Element Type Names for 1.x/Hybrid Call Syntax

The naming conventions for types of Polymer elements used by the compiler follow the following rules:

If there's an explicit LHS target of the Polymer call, that's used as the type.

foo.Bar = Polymer({ is: 'foo-thing'...}); // Type is foo.Bar
var Foo = Polymer({ is: 'foo-thing'...}); // Type is Foo

Otherwise, the generated type is what you said - FooThingElement. This matches the convention for JS types of native HTML elements.

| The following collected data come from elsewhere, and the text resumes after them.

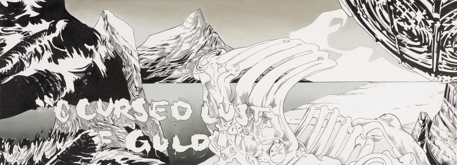 Andrea Carlson, O Cursed Lust of Gold 6, 2014, ink and oil on paper, Collection of Mark and Amy Spencer © Copyright of the artist. Photo courtesy of Bockley Gallery
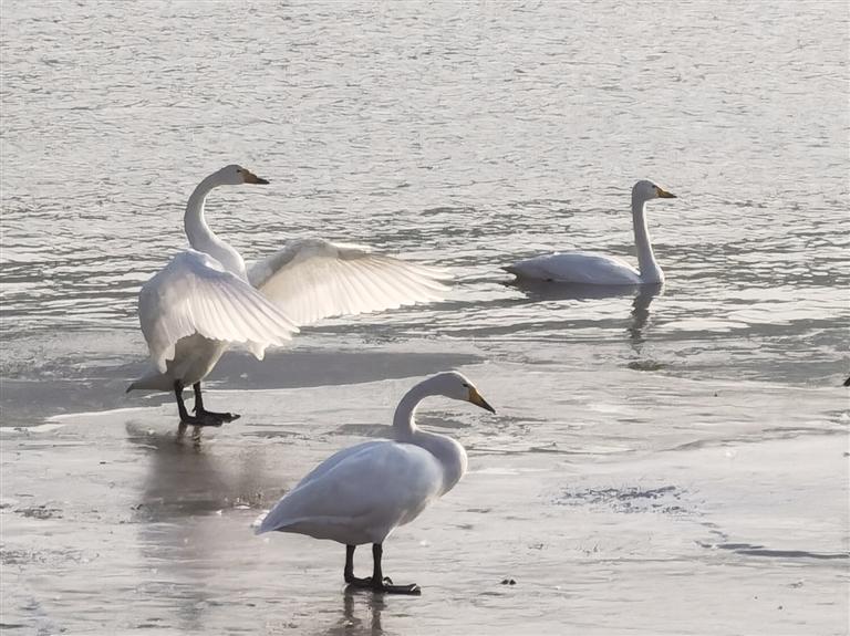 初冬时节,一群来自西伯利亚的野生白天鹅又一次如约来到兰州市达川镇三江口天鹅滩越冬。近日,大量游客追随着天鹅的身影加入到“三江口天鹅滩西北冬日游”的队伍中,与天鹅合影成为人气爆棚的旅游享受。为此,兰州旅游服务中心专线开通了三江口天鹅滩旅游直通车,方便市民游览;兰州铁路局根据列车运行线路,整理出两条能与天鹅同框的绝美路线,旨在让游客拍出翩翩起舞的天鹅与飞驰而过的列车惊艳同框的画面。
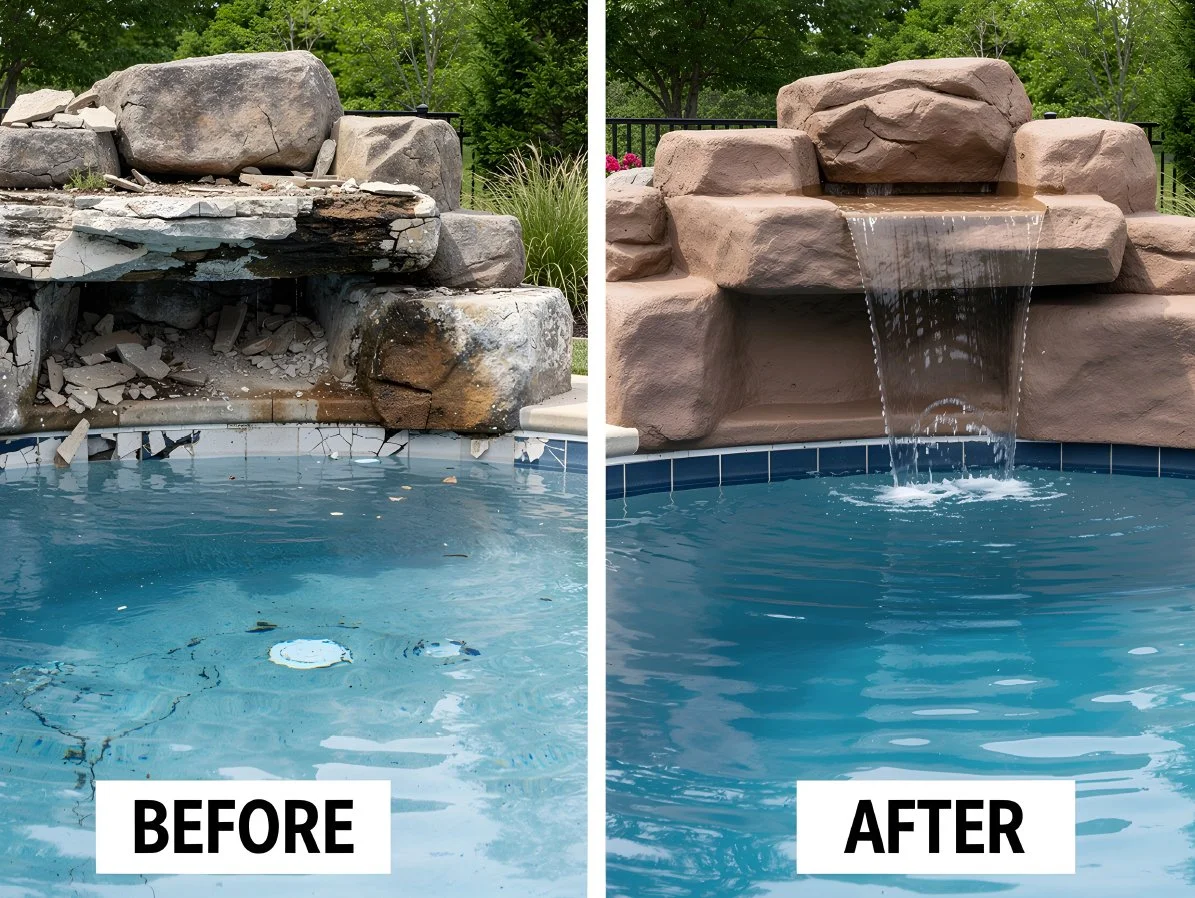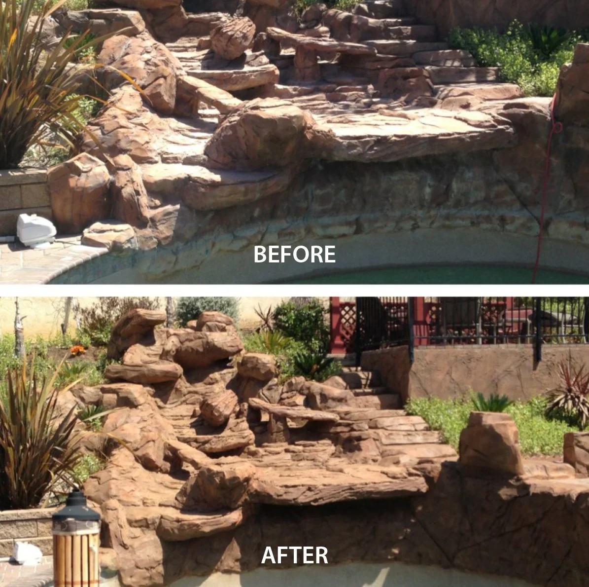Synthetic rockwork is very common in backyard pools, but the paint, which is used to replicate natural color of rocks, tends to fade away with time.Expert Acid Wash
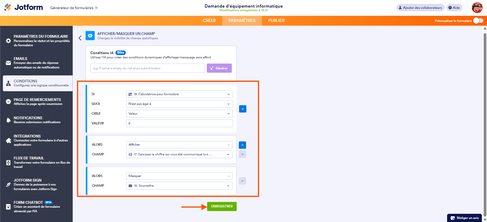 Cliquez sur Afficher/Masquer un champ dans la liste des options de la page Nouvelle condition. Définissez les conditions qui permettront de vérifier si le widget Calculatrice de formulaire configuré précédemment fournit le résultat mathématique que vous souhaitez. Cliquez sur le bouton Enregistrer.
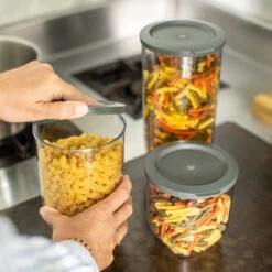 Von Mehl, Zucker und Nudeln über Cornflakes und Nüsse, CONNECT DRY STORAGE hat für alles Platz, was luftdicht und aromaschonend aufbewahrt werden soll. Die Dosen kommen in hochtransparentem Material, so sieht man gleich, was drinnen ist und muss nicht lange suchen. Die farbigen Deckel helfen zusätzlich bei der Unterscheidung. CONNECT DRY STORAGE ist in drei Größen erhältlich, alle Dosen sind stapelbar und miteinander kombinierbar. •luftdicht•mit Sichtfenster•stapelbar •Füllmenge: 1000 ml•3 kombinierbare Größen•100% CO2-neutral KOZIOL THERMOPLASTIC
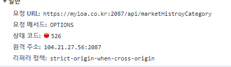 이슈 내용 : api 서버의 cors 설정을 완료하였지만, CORS 에러와 함께 api 서버에서 526 에러코드가 전달됨.

Polymer({ is: 'foo-thing'...}); // Type is FooThingElement

Class Annotations for 1.x/Hybrid Call Syntax

A class level annotation may be added to a 1.x/Hybrid element on the factoryImpl method.

Polymer({
  is: 'my-foo',

  /** @implements {MyExternalInterface} */
  factoryImpl: function() {}
});

1.x/Hybrid Behaviors

Behaviors in Polymer are traditional JS mixins and are not well supported nor understood by the compiler. It is highly advised to migrate to 2.0 style class mixins instead.

Behaviors must:

  • Be defined on a global namespace
  • Be an object literal or or array literal
  • Be annotated with @polymerBehavior

In addition, only very weak type checking is enabled by the compiler.

const myNs = {};

/**
 * @const
 * @polymerBehavior
 */
myNs.FunBehavior = {
  properties: {
    isHappy: Boolean,

    /** @type {number} **/
    count: {
      type: Number,
      readOnly: true
    }
  },

  /** @param {string} funAmount */
  doSomethingFun: function(funAmount) { alert('Something fun!'); },
};

Polymer({
  is: 'x-custom',
  behaviors: [ myNs.FunBehavior ],
});

Advanced Mode Property Renaming Implications

As polymer html templates contain references to JS code, any JS symbol referenced in HTML must properly accounted for. Either:

  1. All referenced properties be quoted or exported
  2. A tool must be used to update the HTML templates after compilation

Renaming Tools

Declared Property Renaming

The Polymer Pass enforces the ALL_UNQUOTED property renaming policy of the compiler. Properties should be consistently quoted. If the declaration is quoted, all references to the property should also be quoted.

Version 2

Most declared properties are renamed. The compiler will consistently rename the returned properties object literal keys with the class prototype properties.

Properties marked as readOnly or with reflectToAttribute are not renamed. readOnly properties have synthetic setters generated for them which are based on their renamed version. Properties marked as reflectToAttribute are typically used to style or locate an element.

Version 1

All declared properties are blocked from renaming. The compiler generates external interfaces to block renaming of these properties.